▶ **Problem**:
Restate word for word the material below, starting at the line that contains "Продаётся 1-комн. квартира" and stopping after the last line; skip pictures.

▶ **Task material**:
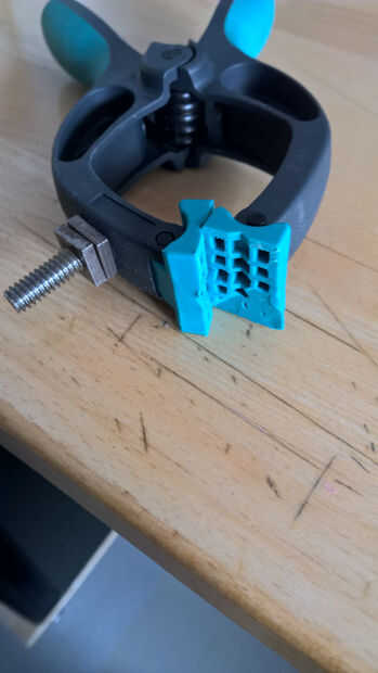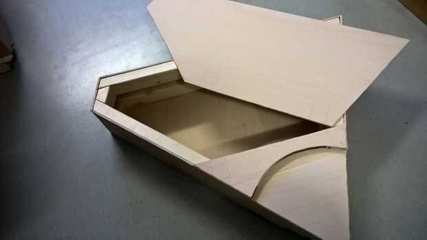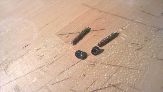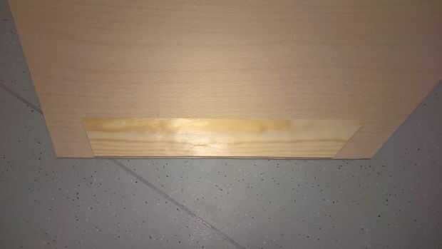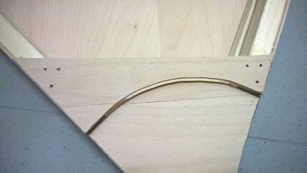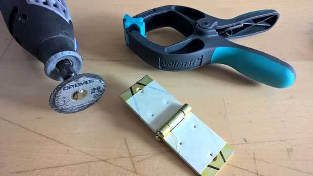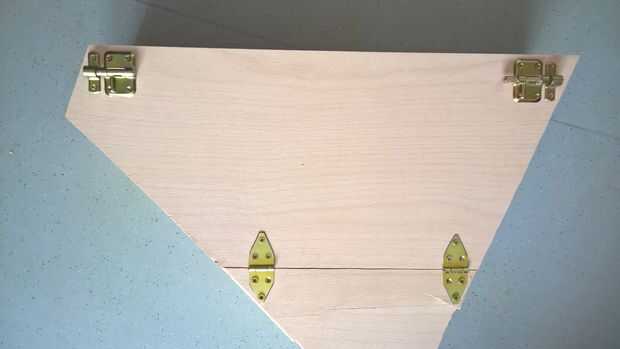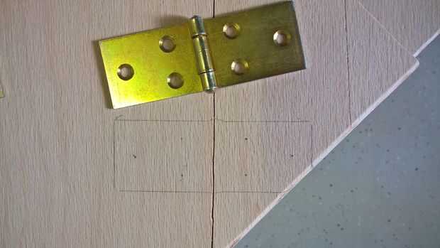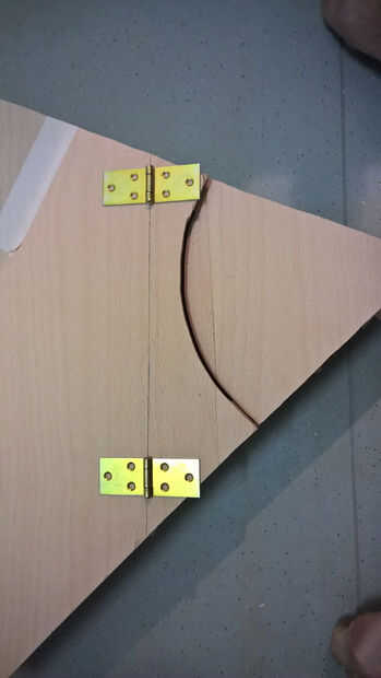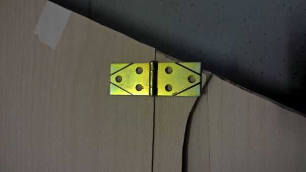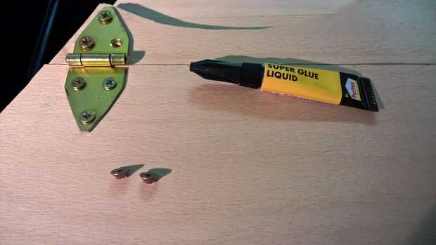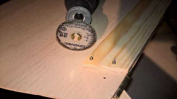 Hice la puerta/mesa de la madera misma como los lados con algún apoyo extra en las bisagras. Coloqué las bisagras en el marco de madera subyacente por lo que podría atornillarlos en el lado inferior. El lado de la puerta/mesa sólo tenía 4mm pensé que no era suficiente para mantener las bisagras de la bruja de madera contrachapada. por lo tanto, pegué algunas madera extra en su lugar para tener algo de espacio para asegurar los tornillos de la puerta. Los tornillos que utilicé para esta parte donde sólo 1,6 cm de largo pero todavía demasiado largo. Corté de utilizando la dremel. porque sólo es posible tener 2 tornillos en la parte inferior pegué tornillos 'falsos' para ocultar los agujeros.
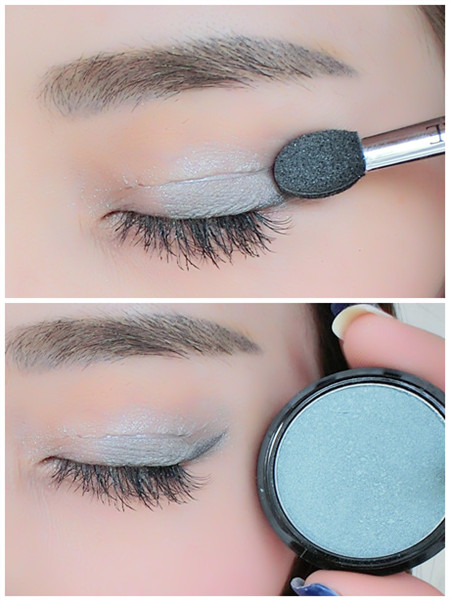 白色打底后,直接涂抹蓝色眼影在眼窝的部位
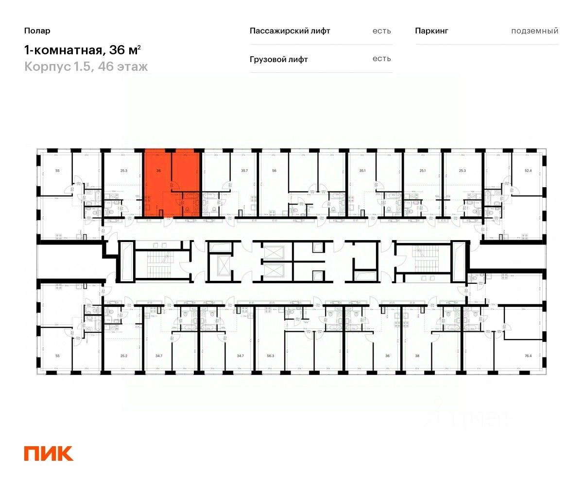 Продаётся 1-комн. квартира площадью 36 кв.м на 46 этаже 50 этажного дома (Корпус 1.5, Секция 2) проекта ПИК Полар. Светлый просторный подъезд на уровне земли, функциональная планировка, большие окна, предчистовая отделка.
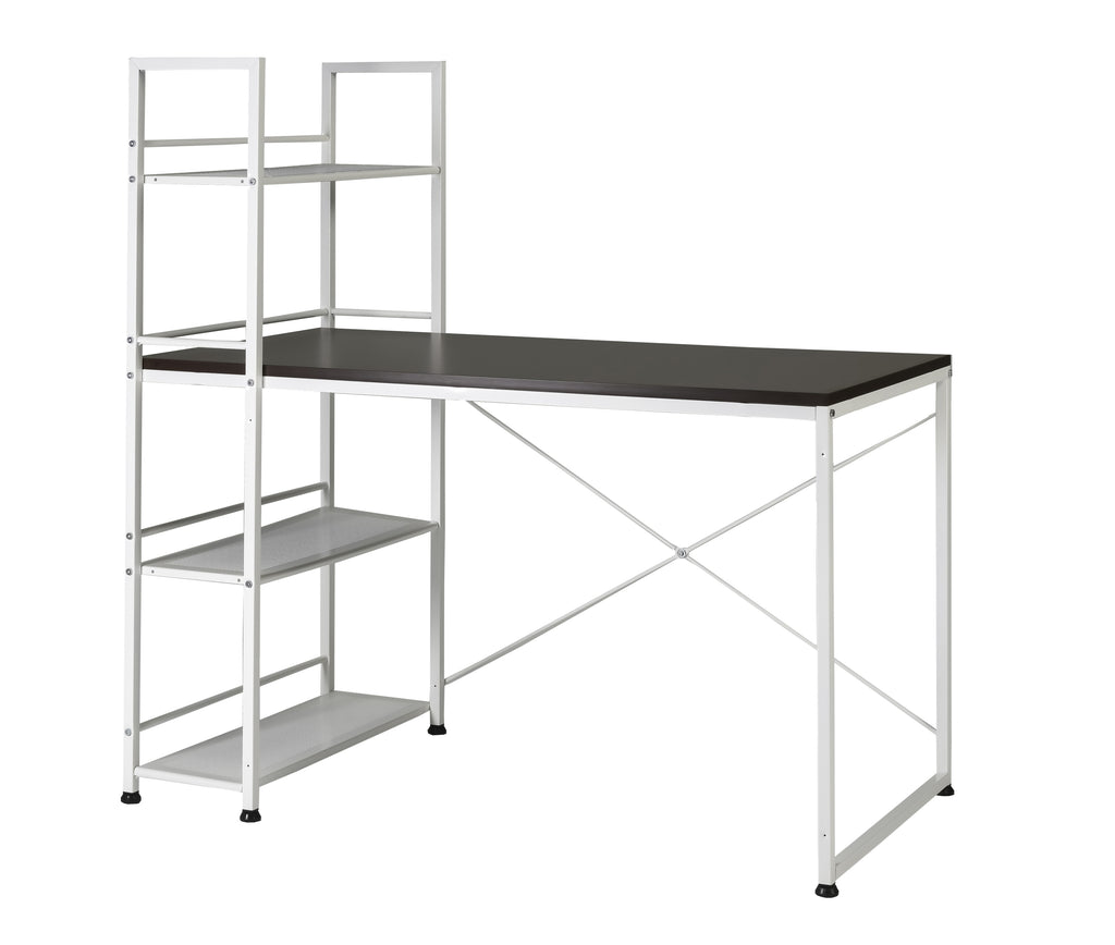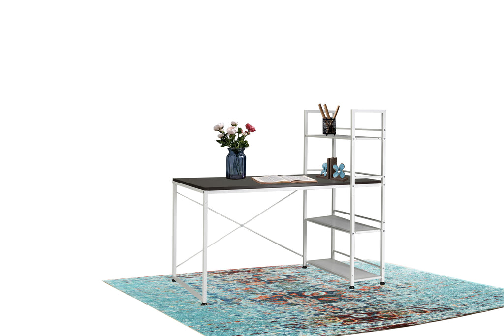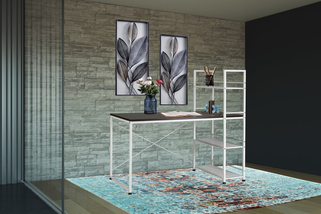 This space-saving reversible bookshelf workstation desk is perfect for maximizing limited space. The desk with 47' inch desk features a white powder-coated steel frame and quality MDF tabletop that easily flips to reveal a handy bookshelf on the reverse side as a multi-function desk 2 in 1 workstation desk provides the best of both worlds. Use the expansive tabletop for your laptop, lamp, and office essentials during the workday by simply flip the desk around to access the built-in bookshelf for displaying your favorite reads. With its space-saving reversible design, this desk allows you to alternate your workspace to match your needs. Ideal for studio apartments, small bedrooms, dorm rooms, and other compact spaces, this convertible desk/shelf unit maximizes your usable space.
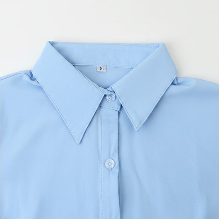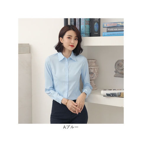 シャツブラウス トップス 長袖オフィス【Aブルー】【Sサイズ】

▶ **Task solution**:
 Продаётся 1-комн. квартира площадью 36 кв.м на 46 этаже 50 этажного дома (Корпус 1.5, Секция 2) проекта ПИК Полар. Светлый просторный подъезд на уровне земли, функциональная планировка, большие окна, предчистовая отделка.
 This space-saving reversible bookshelf workstation desk is perfect for maximizing limited space. The desk with 47' inch desk features a white powder-coated steel frame and quality MDF tabletop that easily flips to reveal a handy bookshelf on the reverse side as a multi-function desk 2 in 1 workstation desk provides the best of both worlds. Use the expansive tabletop for your laptop, lamp, and office essentials during the workday by simply flip the desk around to access the built-in bookshelf for displaying your favorite reads. With its space-saving reversible design, this desk allows you to alternate your workspace to match your needs. Ideal for studio apartments, small bedrooms, dorm rooms, and other compact spaces, this convertible desk/shelf unit maximizes your usable space.
 シャツブラウス トップス 長袖オフィス【Aブルー】【Sサイズ】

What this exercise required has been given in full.